Secondly, the company permanently reduces its staff to provide the well-being of the top management. In the end the remaining employees have to work much more for the same money.

Third, the top managers of Auchan are not ready to refuse from bonuses while the salaries of individual contributors in the company are much lower than the payments for similar positions at the market.

Fourth, the company declares that it is spending money on development, innovation and technology. But the customer does not feel it. A year ago, after the competing Globus chain opened the first store in Russia in a new format, the management of Auchan became nervous, and there was talk that something had to change. They even tried to remake the shops.

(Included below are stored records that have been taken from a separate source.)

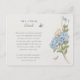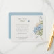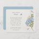 Diese atemberaubende Hochzeitsinformationskarte zeichnet sich durch delikate blaue Hydrangeas und weiße Blüten aus, die elegant mit weichem grünem Blattwerk kombiniert sind. Das anmutige Design besteht aus subtilen Touchs eines Blauvogels und Schmetterlings, die einen skurrilen und ruhigen Charme verleihen. Diese Karte ist ideal, um wichtige Details wie Wegbeschreibungen, Zeremoniedetails und Geschenkvorlieben zu vermitteln. Sie kombiniert Vintag inspiriert Kunstwerke mit moderner Funktionalität. Ideal für Paare, die eine raffinierte und zeitlose Möglichkeit suchen, zusätzliche Informationen mit ihren Gästen zu teilen.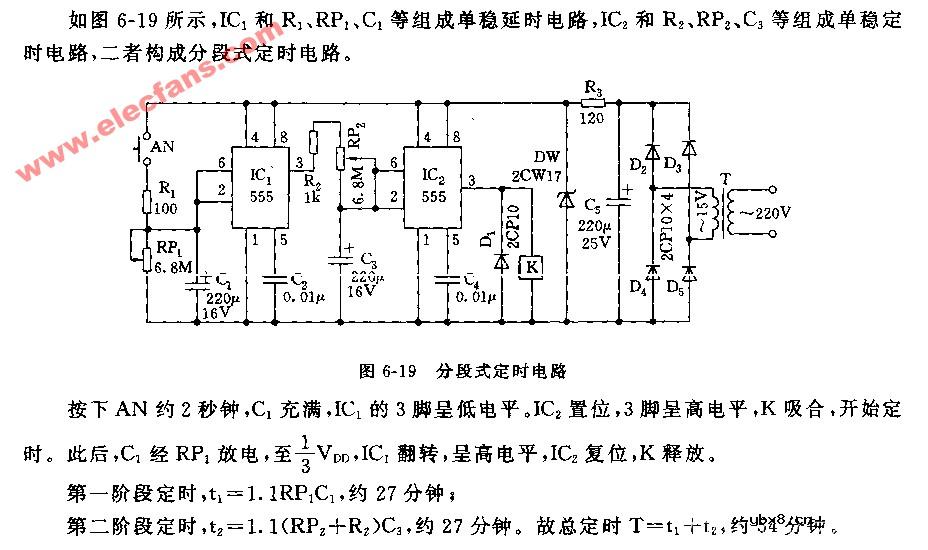 分段式定时电路图 由时基芯片NE555组成.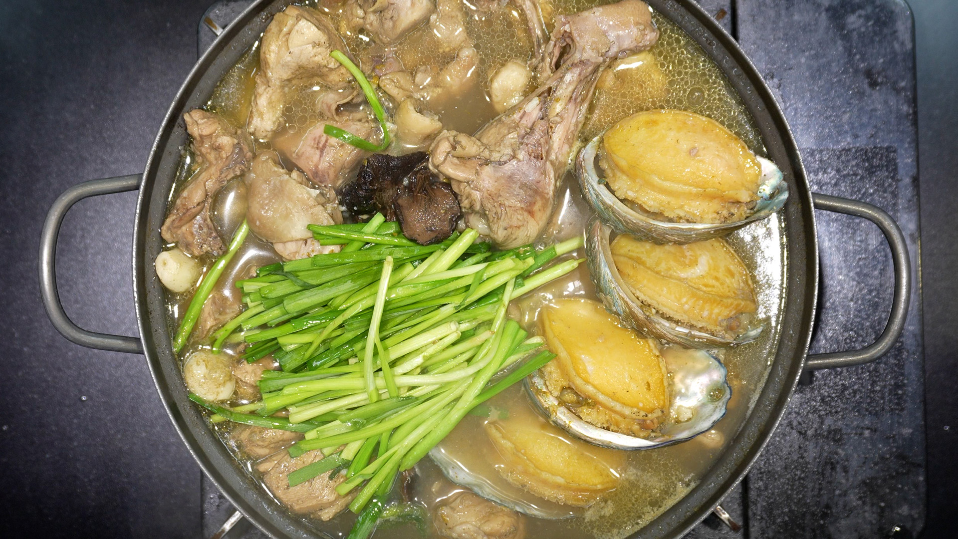 17) 전복을 올리고 딱 5분만 더 끓인다.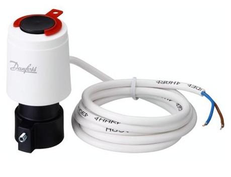 Termoaktuator type TWA monteres på ventiltyperne RA 2000, RAV eller VMT. Sammen med rumtermostat RMT/RET/CF-RS eller kloktermostat TP5000/P7000 anvendes TWA termoaktuatoren til ON/OFF_regulering af radiatoranlæg, gulvvarmeanlæg og zoneopdelte anlæg. TWA Ttermoaktuatorer leveres i forskellige ventiltyper og tilslutninger i normalt åbne- (NO) og normalt lukkede-(NC) versioner. Denne aktuator Danfoss nr.: 088H3112/ 082F1023 er NC |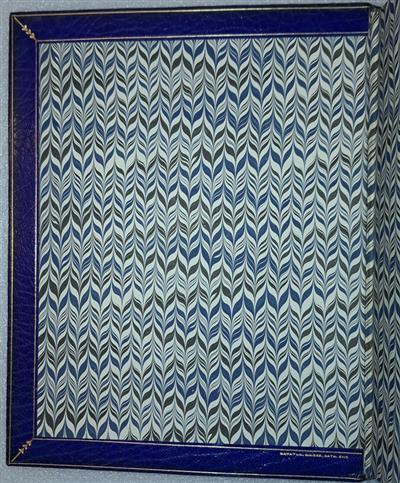 4to, orig. blue full morocco by Bayntun Riviere, Bath, gilt-ruled border to both boards, raised bands to spine, gilt title and swan motifs to compartments, beaded gilt rule to edges of boards, broad turn-ins with gilt rules and tooling to corners, marbled and patterned endpapers, all edges gilt. Spine gently faded. Fine copy.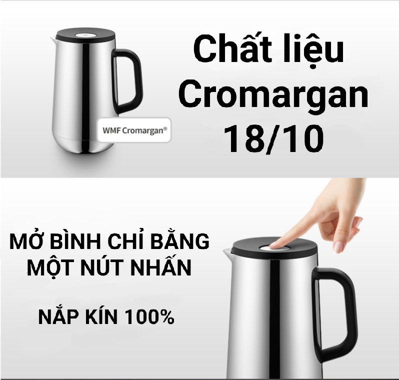 ✔️ Bình giữ nhiệt cầm tay WMF được sản xuất bằng chất liệu Cromargan 18/10, nhựa cao cấp, silicon, thủy tinh, chỉ cần xoay nắp là bình đã sẵn sàng, nắp vặn chắc khít đảm bảo bình có khả năng chống rò rỉ 100%.

But nothing much was done. They introduced only a double customer service for payments when a cashier first scans the goods, and then people are offered to go to the terminal that receives money. This is a complicated and long procedure with no alternative. The customers get nervous. In all regions, the customers had a lot of negative comments about that system. It is impossible to go on like that. Therefore Auchan should either undergo a 180-degree turn and reform or it will inevitably leave the Russian market in the next two or three years.